┌──

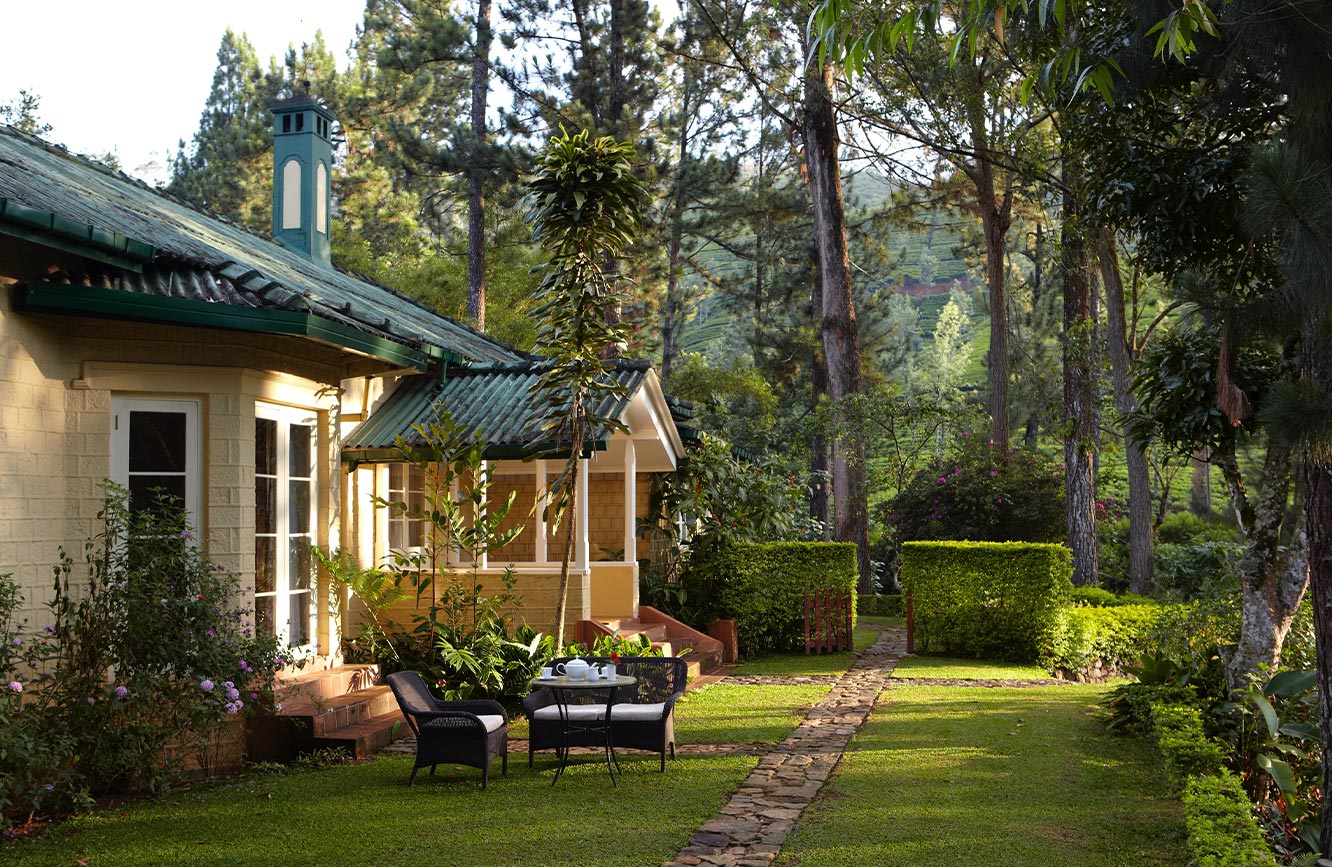Первый в мире курорт, состоящий из бунгало на чайных плантациях, расположенный на высоте 1250 метров с панорамным видом на регион, где выращивается цейлонский чай, этот регион граничит с центральным нагорьем. Пять чайных бунгало, всего 27 номеров, соединены пешеходными тропами, через потрясающе красивые цейлонские чайные плантации. Это идеальное место для пеших и велосипедных прогулок посреди восхитительных пейзажей с видом на горы, озера, извилистые тропы и водопады. Те, кто хотят просто расслабиться, могут понаблюдать за жизнью на действующей чайной плантации, посетить спа – процедуры, поиграть в крокет на лужайке, позагорать у бассейна, и воспользоваться услугами личного дворецкого. В тарифы включено всё - еда, закуски, вина, спиртные напитки, безалкогольные напитки, прачечная, Wi-Fi, местные телефонные звонки.
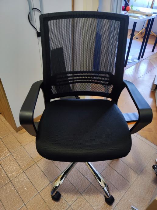 Uredska stolica podešava se po visini, okreće se, ima kotače.
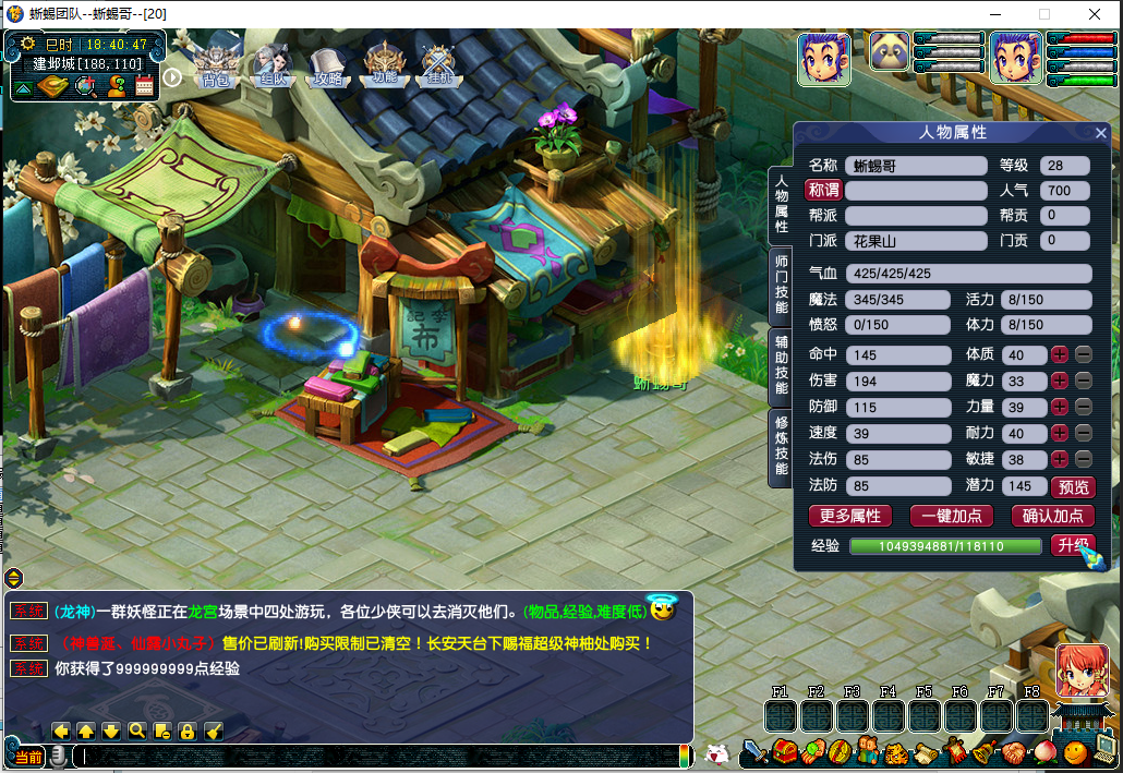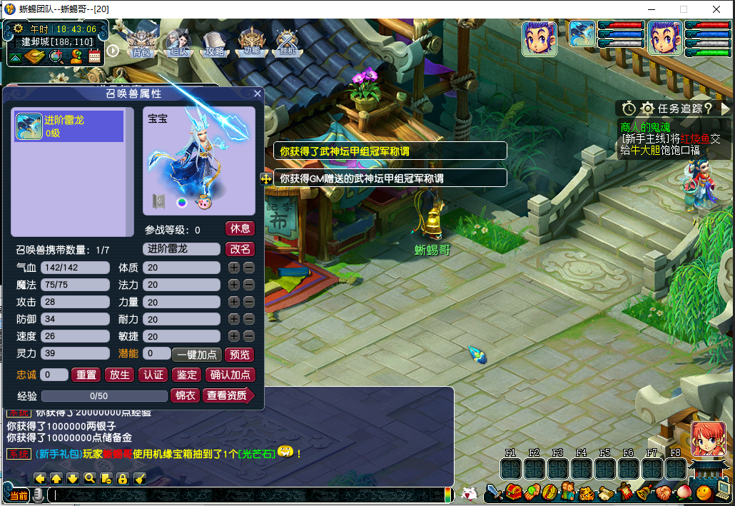 1、添加潜力丹、灵韵精华给人物、宠物增加一点属性点
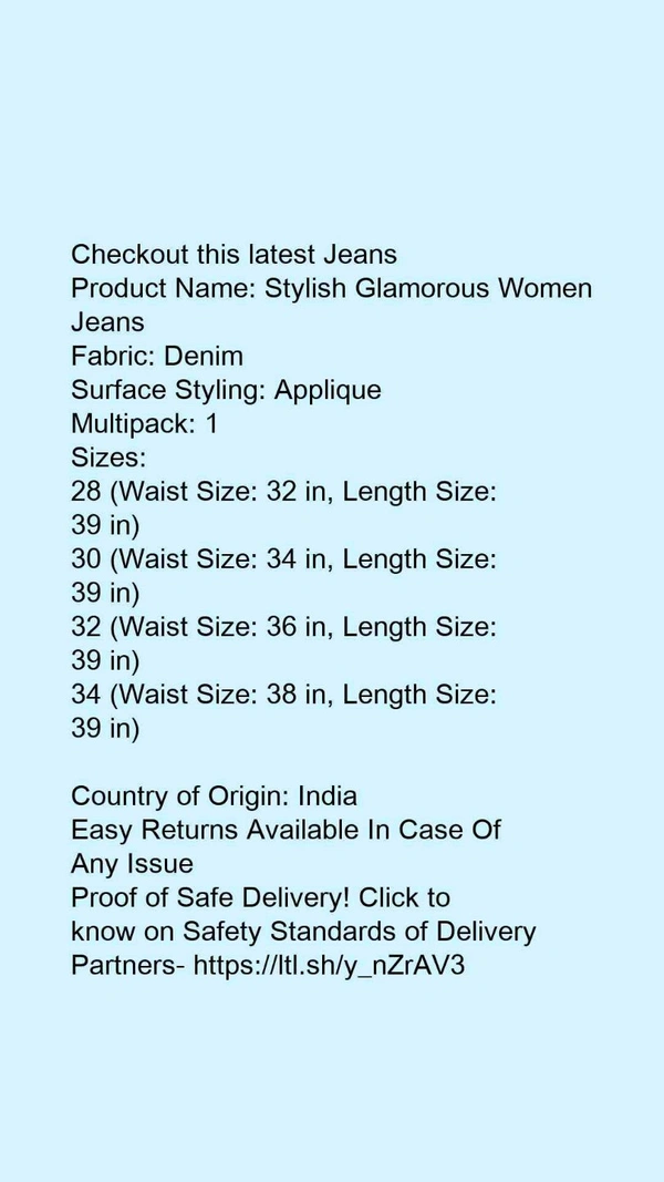 Product Name: *Trendy Latest Women Jeans*Fabric: DenimSurface Styling: AppliqueMultipack: 1
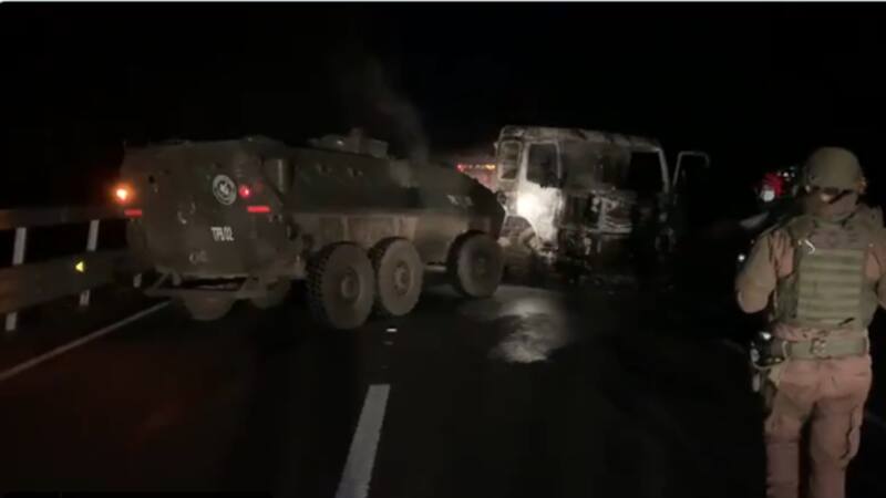 Los individuos quemaron un camión y lo dejaron atravesado en la vía, para luego proceder a incendiar otros dos camiones, un tractor y una cuadrimoto.
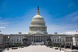In 1866 Constantino Brumidi completed the frescoed interior of the United States Capitol dome in Washington, and spent the rest of his life executing still other artworks to beautify the Capitol. His first art work in the Capitol Building was in the meeting room of the House Committee on Agriculture. At first he received eight dollars a day, which Jefferson Davis, then Secretary of War of the United States, helped increase to ten dollars. His work attracting much favorable attention, he was given further commissions, and gradually settled into the position of a Government painter. His chief work in Washington was done in the rotunda of the Capitol and included The Apotheosis of Washington in the dome and the Frieze of American History, which contains allegorical scenes from American history. His artistic vision was influenced by the wall paintings of Pompeii and ancient Rome, as well as the classical revivals that characterized the Renaissance and Baroque periods.[66][67] His work in the rotunda was left unfinished at his death, but he had decorated many other sections of the building, most notably hallways in the Senate side of the Capitol now known as the Brumidi Corridors. Filippo Costaggini continued painting the frieze over the next 8 years based on the sketches Brumidi left; however, there was no sketch left for the final panel, which remained empty until 1953, when Allyn Cox designed and painted it.[68]

└──

» **Exercise description**
Above this task is a listing with pictures in it. Retype only the lines from the one containing "Product Name: *Trendy" through the one containing "Los individuos quemaron", both included, and not the pictures.

» **Written response**
 Product Name: *Trendy Latest Women Jeans*Fabric: DenimSurface Styling: AppliqueMultipack: 1
 Los individuos quemaron un camión y lo dejaron atravesado en la vía, para luego proceder a incendiar otros dos camiones, un tractor y una cuadrimoto.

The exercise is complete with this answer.